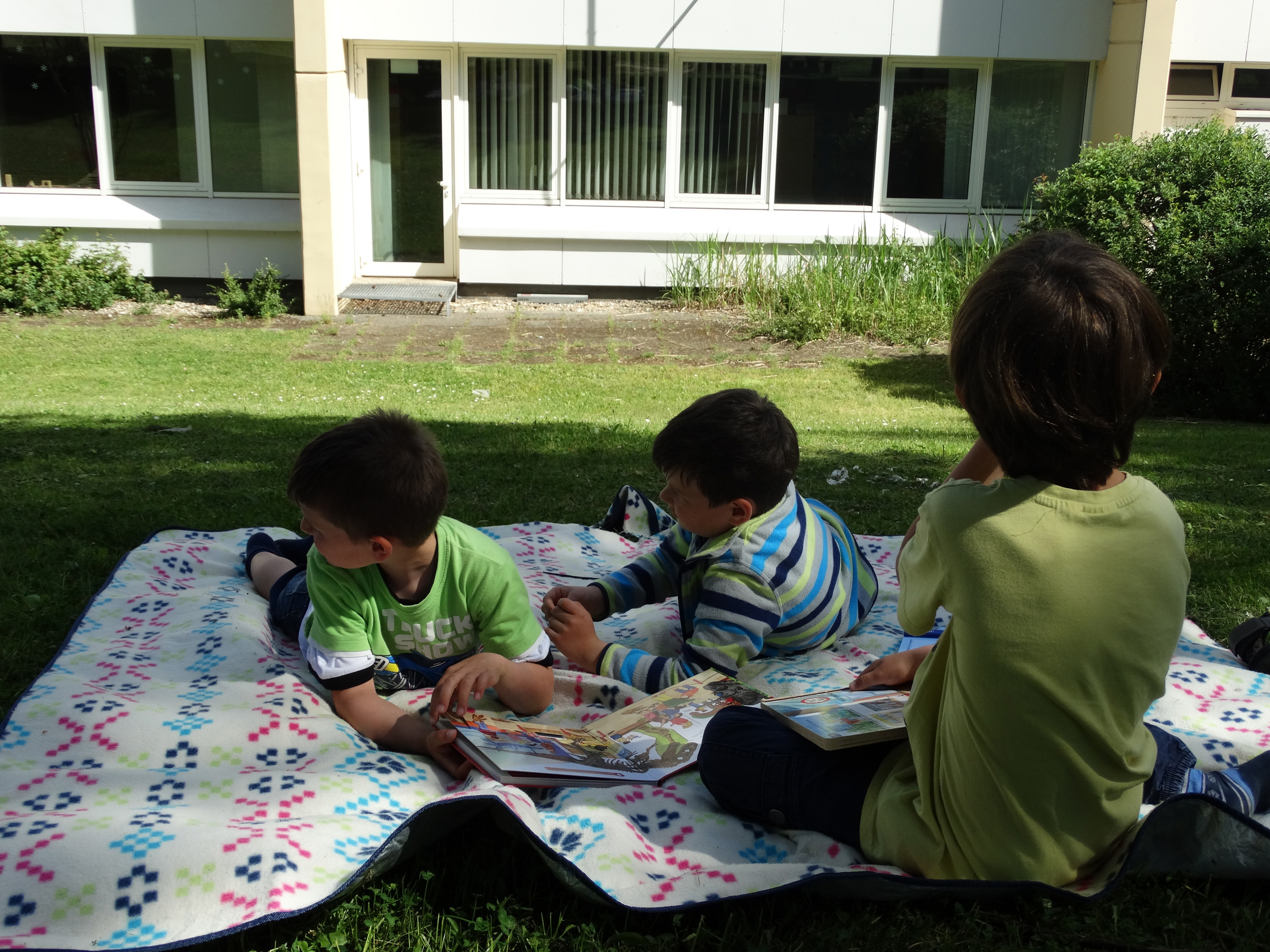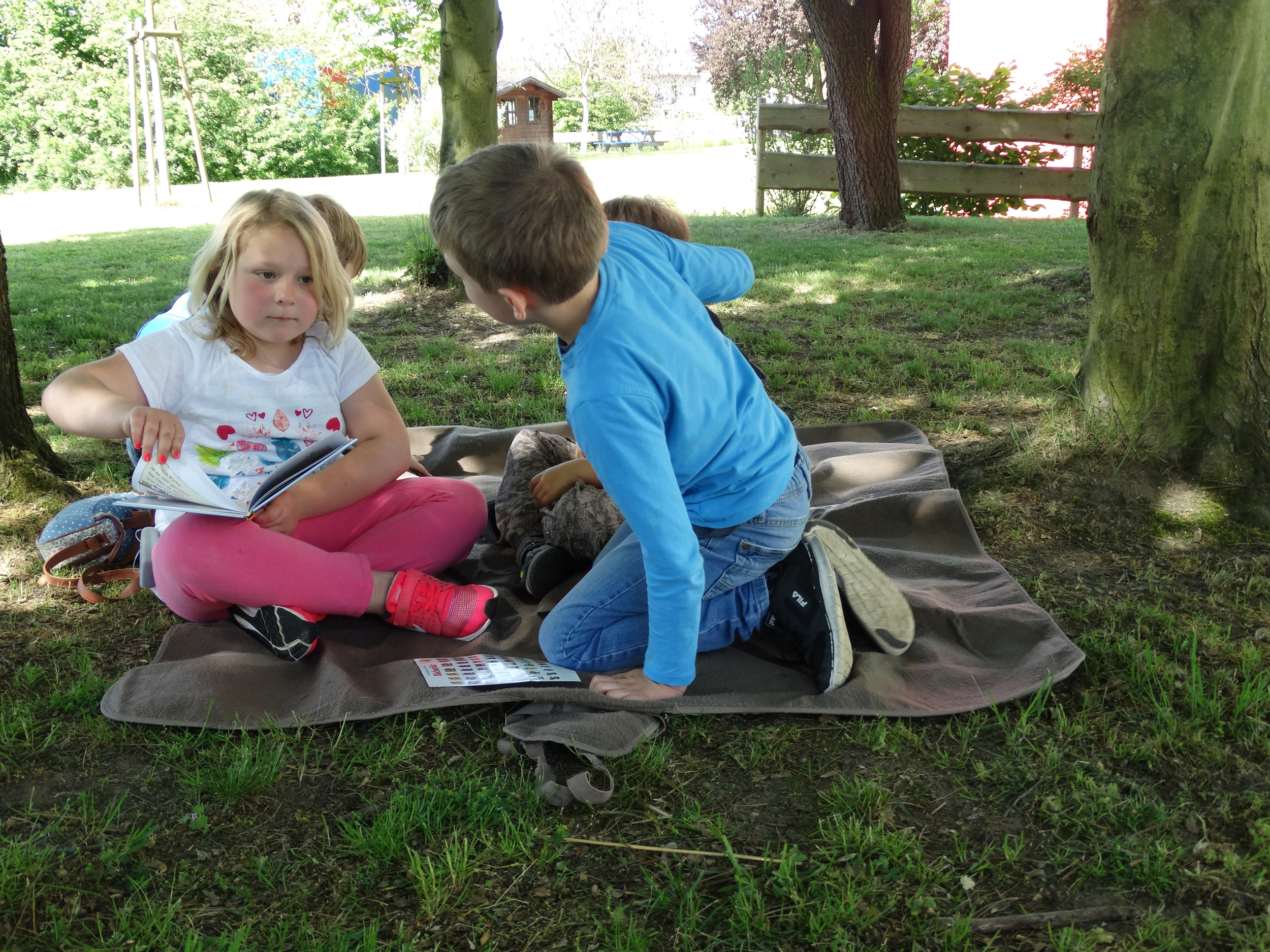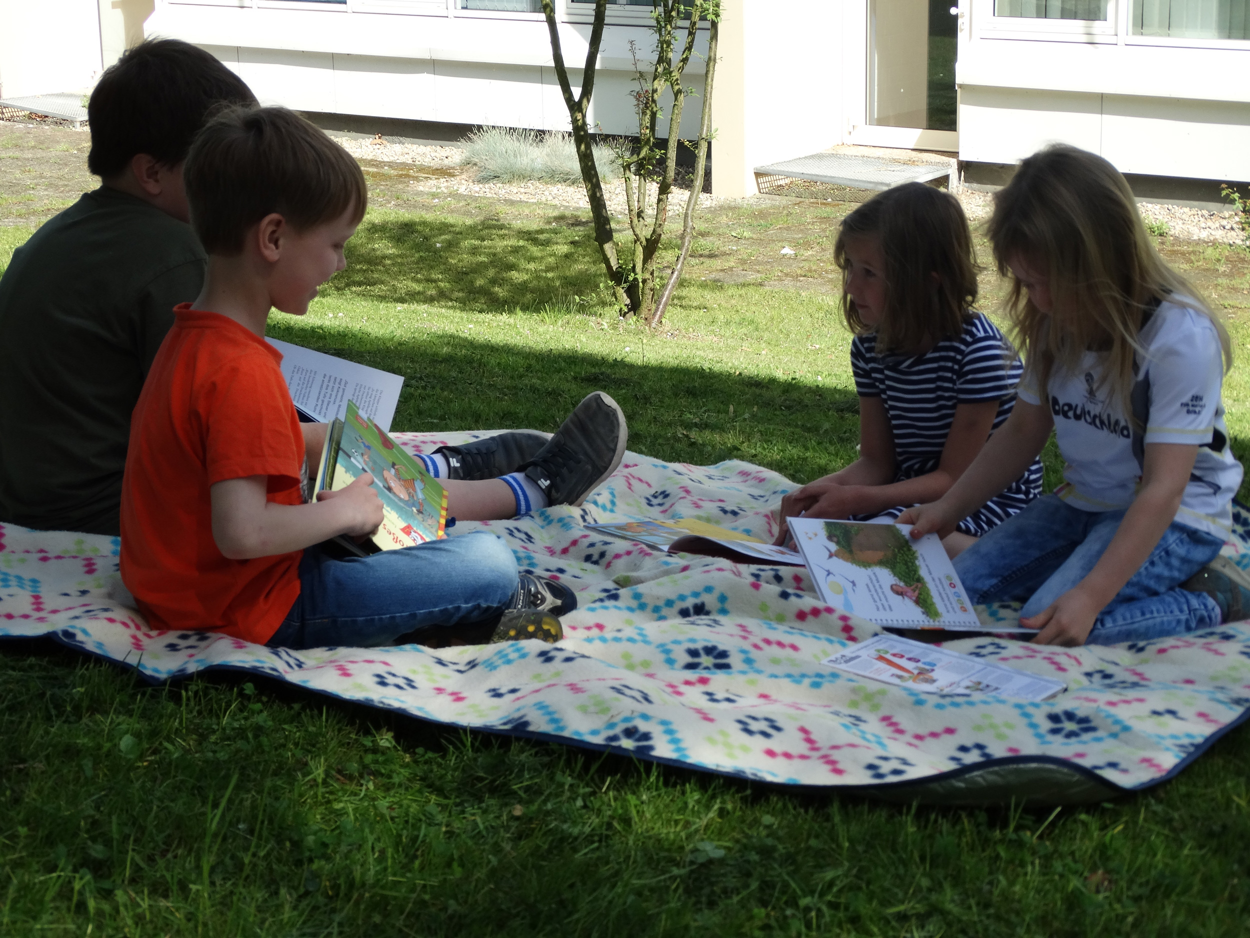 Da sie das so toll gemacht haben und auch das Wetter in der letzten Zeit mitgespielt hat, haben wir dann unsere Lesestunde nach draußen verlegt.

──────────────────────────────

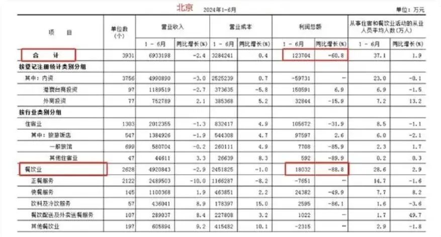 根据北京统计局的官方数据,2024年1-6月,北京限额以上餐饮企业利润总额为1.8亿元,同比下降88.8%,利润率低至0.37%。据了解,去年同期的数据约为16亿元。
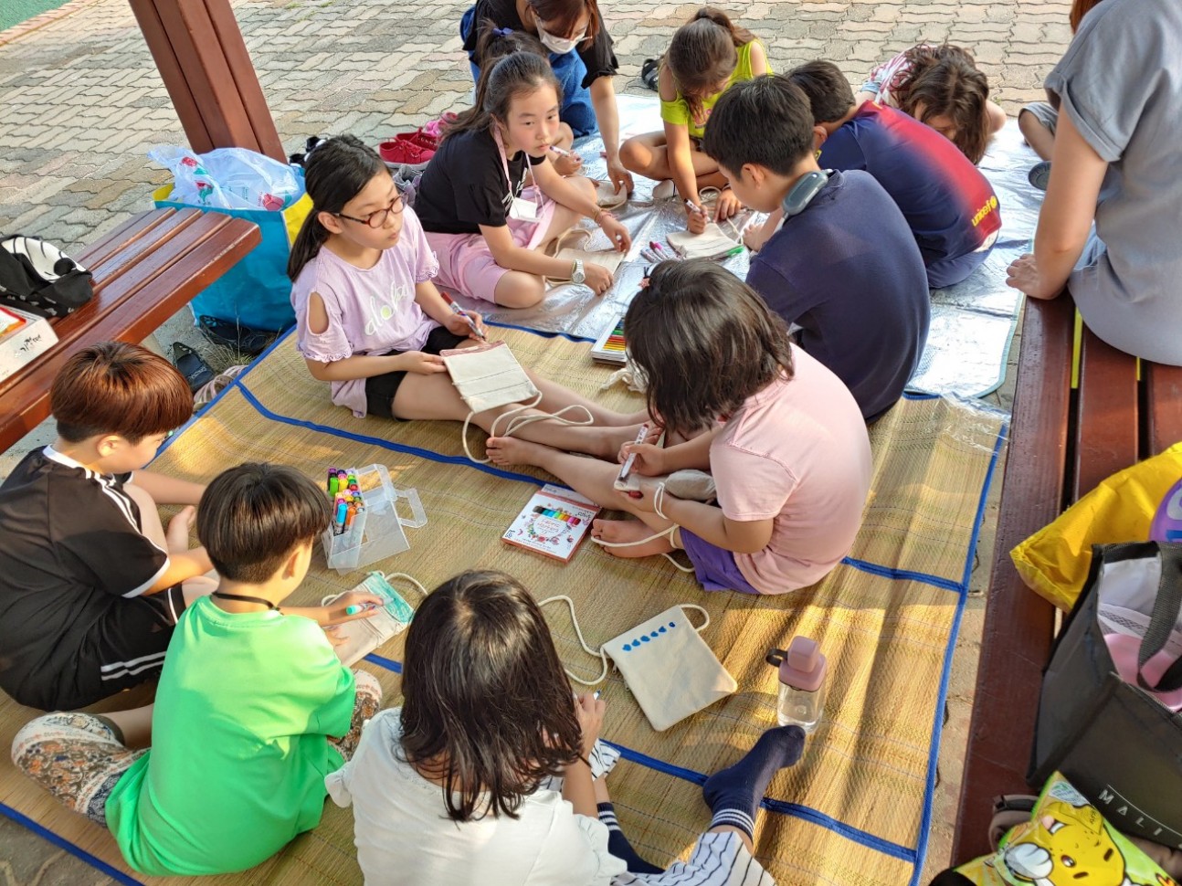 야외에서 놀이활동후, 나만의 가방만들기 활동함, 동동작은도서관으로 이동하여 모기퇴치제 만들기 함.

──────────────────────────────

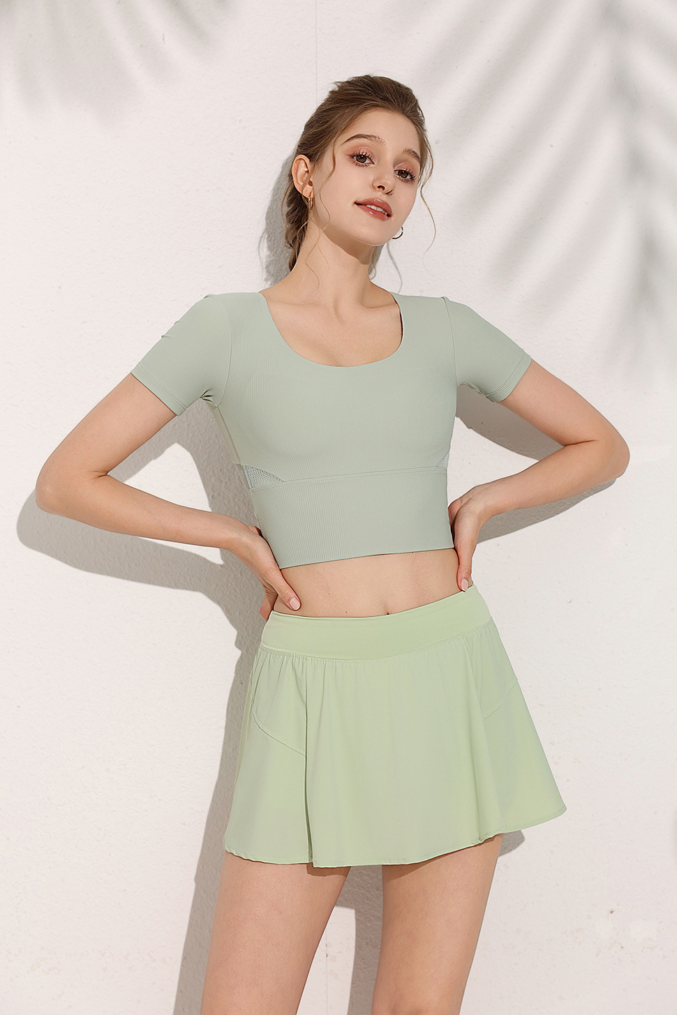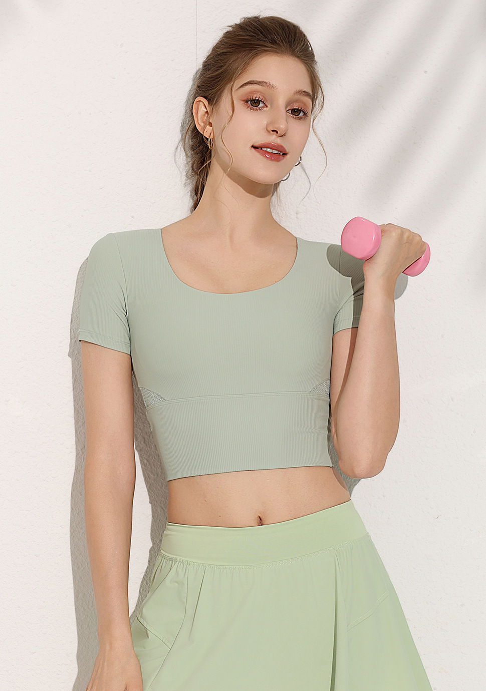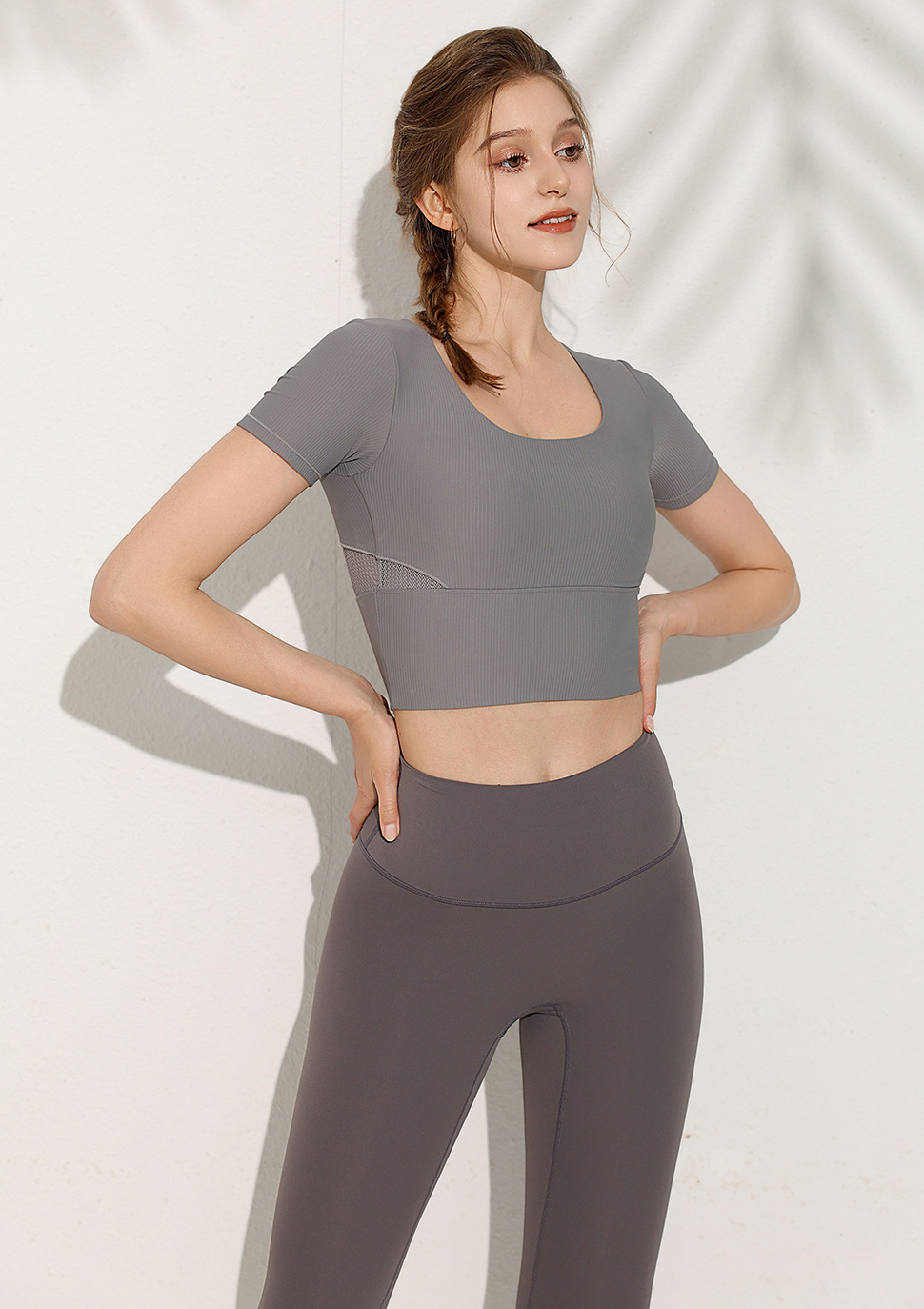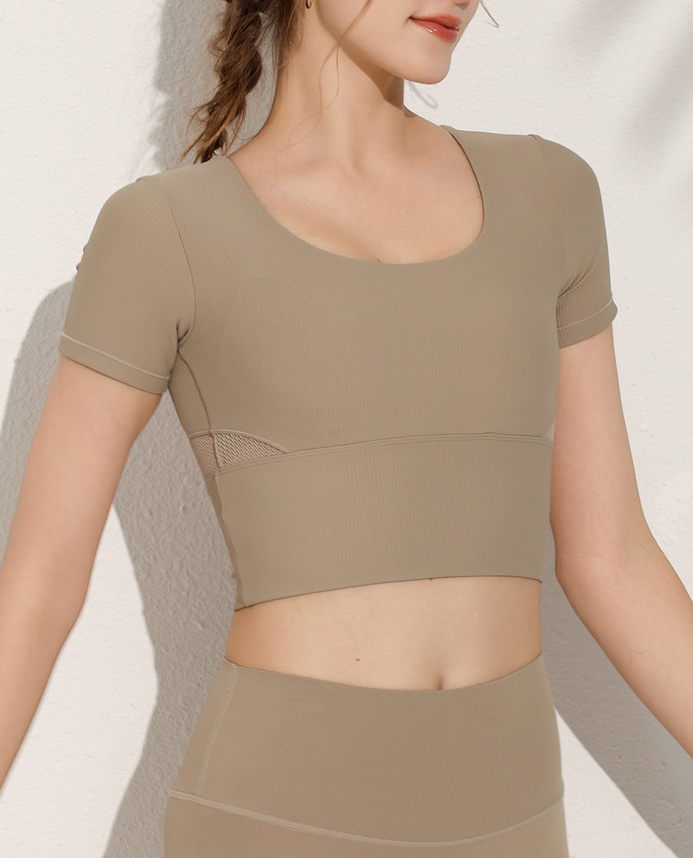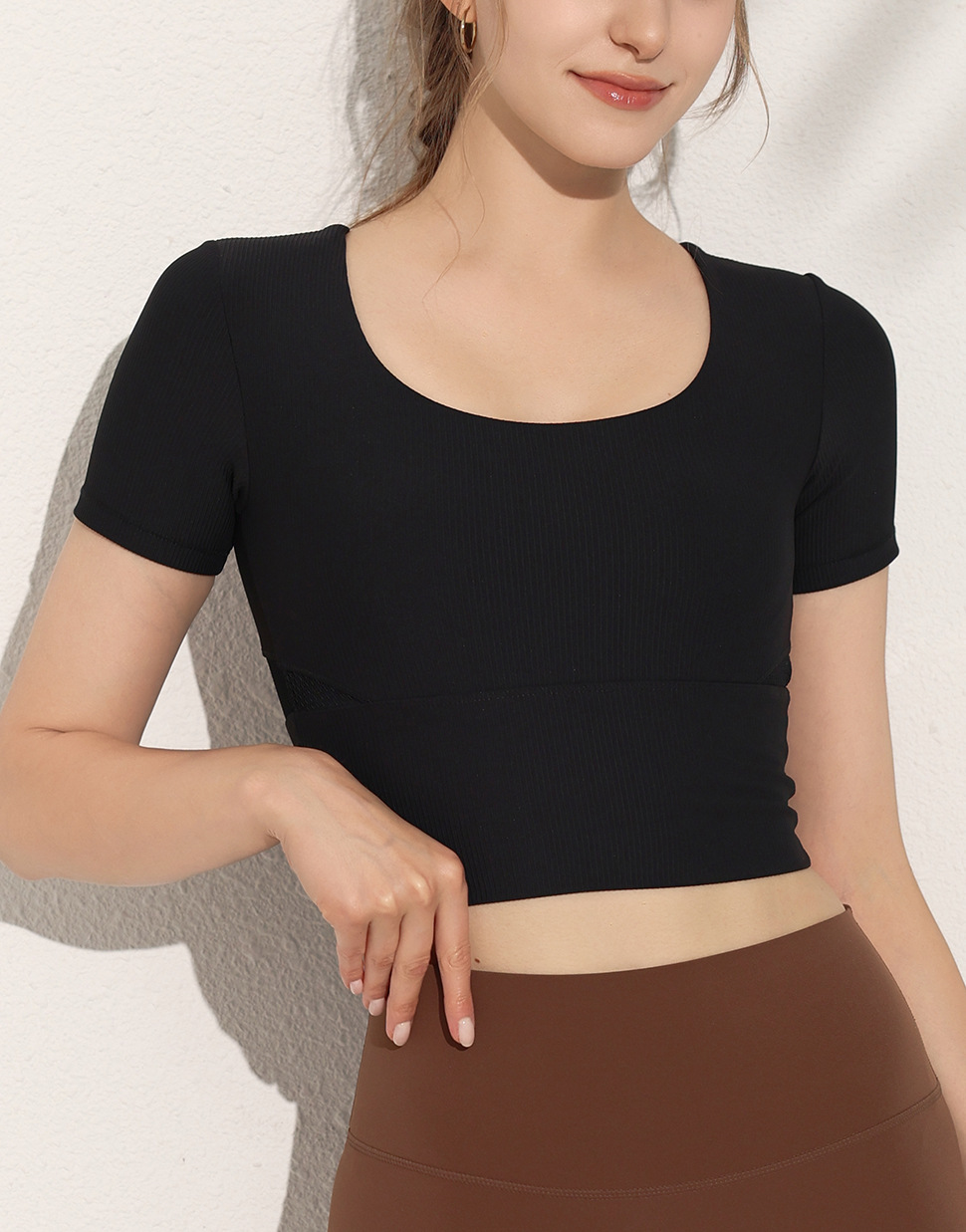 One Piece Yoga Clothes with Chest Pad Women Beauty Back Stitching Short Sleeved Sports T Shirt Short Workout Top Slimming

──────────────────────────────

PROBLEM REQUIREMENTS: Each line from the one that contains "根据北京统计局的官方数据,2" down to the one that contains "야외에서 놀이활동후, 나만의" is to be returned exactly as it stands above, both ends included, with pictures removed.

SOLUTION TO THIS PROBLEM:
 根据北京统计局的官方数据,2024年1-6月,北京限额以上餐饮企业利润总额为1.8亿元,同比下降88.8%,利润率低至0.37%。据了解,去年同期的数据约为16亿元。
 야외에서 놀이활동후, 나만의 가방만들기 활동함, 동동작은도서관으로 이동하여 모기퇴치제 만들기 함.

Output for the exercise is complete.